Было досадно – часы подарил отец на шестнадцатилетие, самые обыкновенные, не девичьи, а «молодежные» – простецкий циферблат чуть поболе пятака и дешевый кожаный ремешок, но семья жила трудно, и неизвестно, когда еще получишь новые. Однако и особого рода гордость она чувствовала – приятно вот так, запросто, совершить красивый жест ради минутного каприза того, кого любишь! Впрочем, приятность сошла на нет, стоило мысленно представить разъяренную мамочку, которая и так все дочкины проблемы связывала с неудачным кавалером.
Невысоких мужчин мать не терпела почти так же, как евреев, и, увидев мальчика в первый раз, заговорила недружелюбно, едва скрывая неприязнь за ироническими пассажами, но он был молодцом и обезоружил ее той же иронией, правда, с едва заметным оттенком дерзости. Диалог получился блистательным, победителей в таких не бывает, но жертвой стала, как обычно, дочь. Итак, она не была отпущена в кино с этаким щенком («А нос!.. Нос один чего стоит!»), и все дальнейшие отношения были бы под запретом, если бы не учеба на одном курсе. Все попытки объяснить, какой он замечательный, умный и добрый, вызывали лишь неописуемую ярость. Подозревать можно было какой-нибудь семейный «скелет в шкафу» – во всяком случае, повод к изысканиям был.
Мать в юности слыла первой красавицей и гордячкой филологического отделения и отказала доброму веселому еврейскому юноше из Пищевого института, который, недолго думая, осчастливил законным браком ее младшую сестру, заделавшись таким образом официальным родственником, почти братом. По распределению он попал в бывший Кенигсберг, там восстанавливал из руин пищевую промышленность и скоро стал директором ликеро-водочного завода. Часто наезжал в Москву, в командировки, в какой-то таинственный Главк. С его приездом дом наполнялся радостным басом и кучей подарков самого неожиданного свойства.

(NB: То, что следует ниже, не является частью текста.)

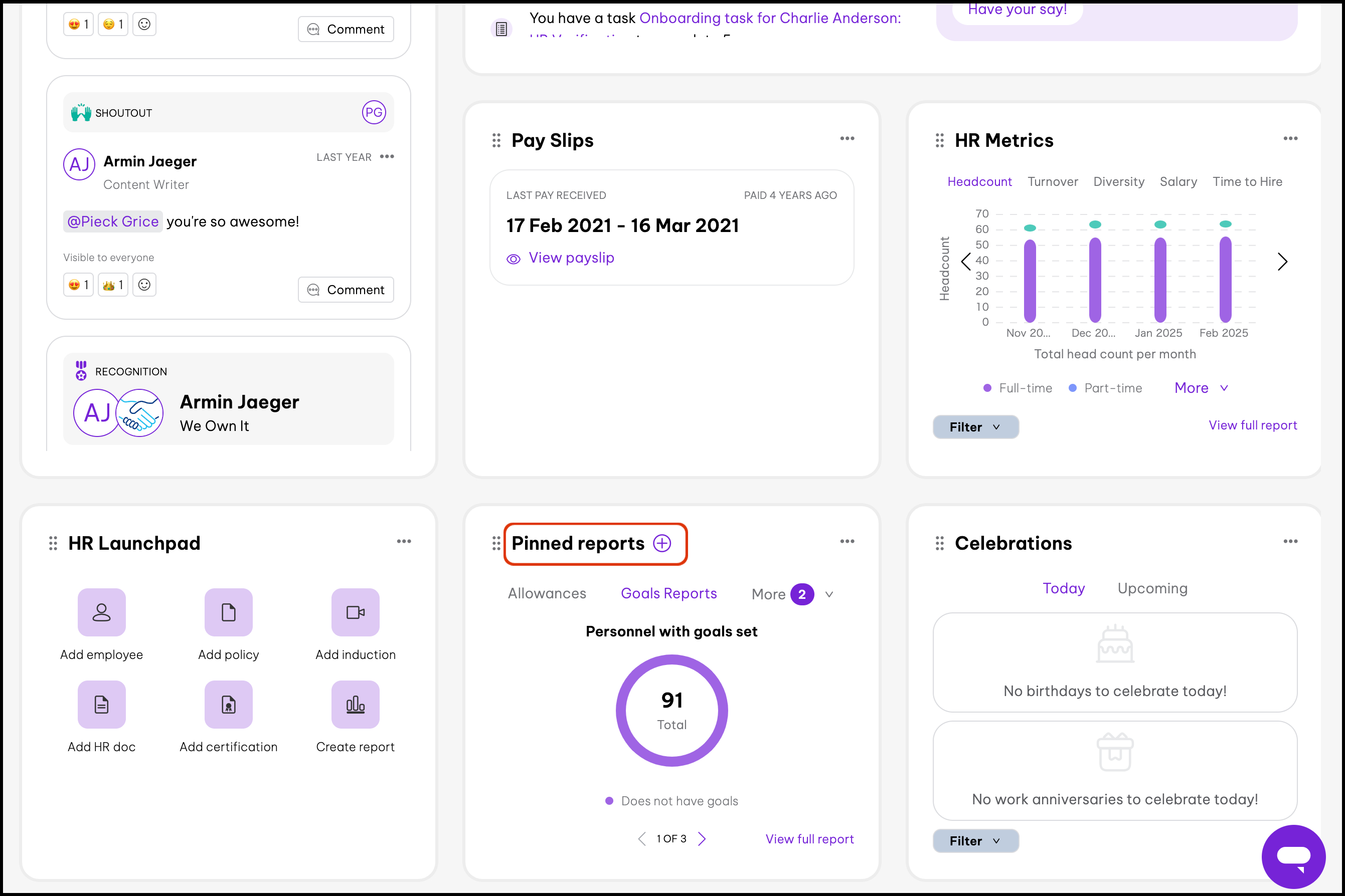 - Reviewing the widgets on your dashboard This article covers the other widgets on your dashboard, such as the goal insights or HR metrics widgets.

Как-то раз он появился на пороге с ведром, полным живых омаров, и с хохотом объяснил, что только вчера в порту пришвартовался корабль, по знакомству и перепало. Гигантские раки ползали по кухонному столу, их даже жалко было варить. Девочку дядя любил особенно – очень похожа была на мать в юности – и привозил ей то янтарные украшения, то какой-нибудь прибалтийский писк моды вроде белых колготок, и она тоже обожала дядю, но ей казалось, что этот веселый бас, это ощущение жизни, исходящее от высокого лысого человека, имеют какое-то отношение к той обиде, что прятала мать глубоко-глубоко в себе. В последний раз девочка получила в подарок джемпер из валютного магазина, да такого синтетически-розового цвета, что сидя в аудитории выглядела как фламинго среди стаи ворон.
А мальчику понравилось. Он вообще как-то сказал ей – ты видишь, мы на курсе хуже всех одеты? Она удивилась, поскольку не замечала. Ей всегда перепадали мамины вещи, которые она считала верхом элегантности. Модные журналы были маминой слабостью, шила она великолепно, девочка всегда рада была получить что-то с ее плеча – слегка перешитое, аккуратно подогнанное. И стрижку мама делала ей сама – точно как в польском фильме «Вернись, Беата!».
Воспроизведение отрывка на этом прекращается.